TASK TO CARRY OUT
Starting at the line that contains "Mit einem Gestell" and stopping at the line that contains "Une cour ensoleillée", transcribe every line of the material below exactly; pictures stay out.

SUPPLIED INFORMATION
====

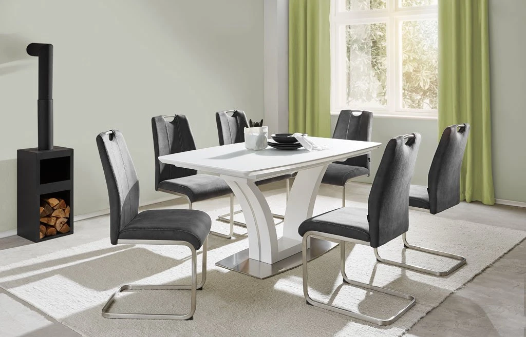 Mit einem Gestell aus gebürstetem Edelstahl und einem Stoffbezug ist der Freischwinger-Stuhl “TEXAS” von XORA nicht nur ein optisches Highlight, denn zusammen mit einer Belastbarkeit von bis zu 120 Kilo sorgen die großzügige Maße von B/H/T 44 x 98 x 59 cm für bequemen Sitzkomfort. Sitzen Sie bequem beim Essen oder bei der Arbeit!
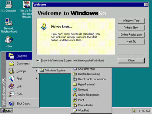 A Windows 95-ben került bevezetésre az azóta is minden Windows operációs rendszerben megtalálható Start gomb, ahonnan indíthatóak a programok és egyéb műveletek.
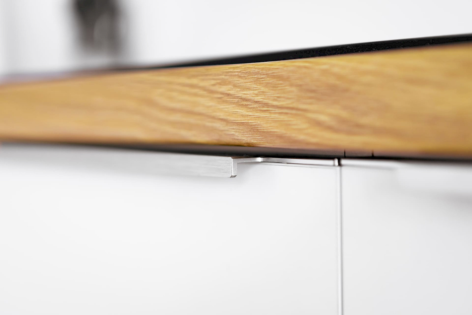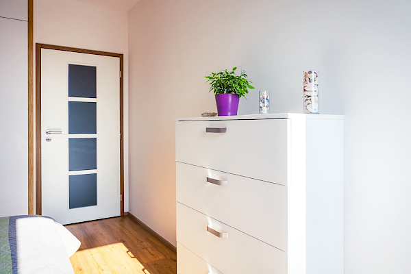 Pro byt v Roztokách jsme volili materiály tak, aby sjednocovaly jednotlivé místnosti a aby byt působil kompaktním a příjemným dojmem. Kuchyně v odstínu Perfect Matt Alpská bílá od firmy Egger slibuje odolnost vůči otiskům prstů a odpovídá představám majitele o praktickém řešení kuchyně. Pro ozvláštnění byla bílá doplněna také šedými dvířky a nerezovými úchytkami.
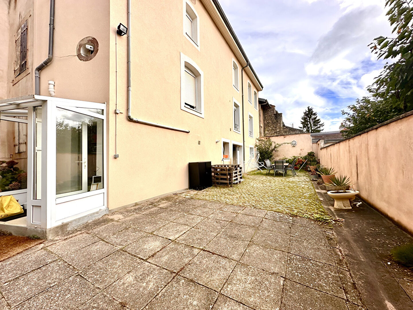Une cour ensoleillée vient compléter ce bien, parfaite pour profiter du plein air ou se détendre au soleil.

====

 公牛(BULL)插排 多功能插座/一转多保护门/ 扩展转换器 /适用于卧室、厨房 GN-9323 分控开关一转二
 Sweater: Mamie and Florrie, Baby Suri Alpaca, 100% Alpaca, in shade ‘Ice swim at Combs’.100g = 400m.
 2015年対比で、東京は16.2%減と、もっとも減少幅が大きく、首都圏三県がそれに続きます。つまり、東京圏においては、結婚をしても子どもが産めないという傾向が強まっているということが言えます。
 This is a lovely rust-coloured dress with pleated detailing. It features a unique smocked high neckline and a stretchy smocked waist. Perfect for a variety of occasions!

====

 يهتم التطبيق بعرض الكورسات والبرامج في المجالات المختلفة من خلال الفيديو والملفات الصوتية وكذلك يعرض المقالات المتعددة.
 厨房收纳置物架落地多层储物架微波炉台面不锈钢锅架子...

====

RESULT OF THIS EXERCISE
 Mit einem Gestell aus gebürstetem Edelstahl und einem Stoffbezug ist der Freischwinger-Stuhl “TEXAS” von XORA nicht nur ein optisches Highlight, denn zusammen mit einer Belastbarkeit von bis zu 120 Kilo sorgen die großzügige Maße von B/H/T 44 x 98 x 59 cm für bequemen Sitzkomfort. Sitzen Sie bequem beim Essen oder bei der Arbeit!
 A Windows 95-ben került bevezetésre az azóta is minden Windows operációs rendszerben megtalálható Start gomb, ahonnan indíthatóak a programok és egyéb műveletek.
 Pro byt v Roztokách jsme volili materiály tak, aby sjednocovaly jednotlivé místnosti a aby byt působil kompaktním a příjemným dojmem. Kuchyně v odstínu Perfect Matt Alpská bílá od firmy Egger slibuje odolnost vůči otiskům prstů a odpovídá představám majitele o praktickém řešení kuchyně. Pro ozvláštnění byla bílá doplněna také šedými dvířky a nerezovými úchytkami.
Une cour ensoleillée vient compléter ce bien, parfaite pour profiter du plein air ou se détendre au soleil.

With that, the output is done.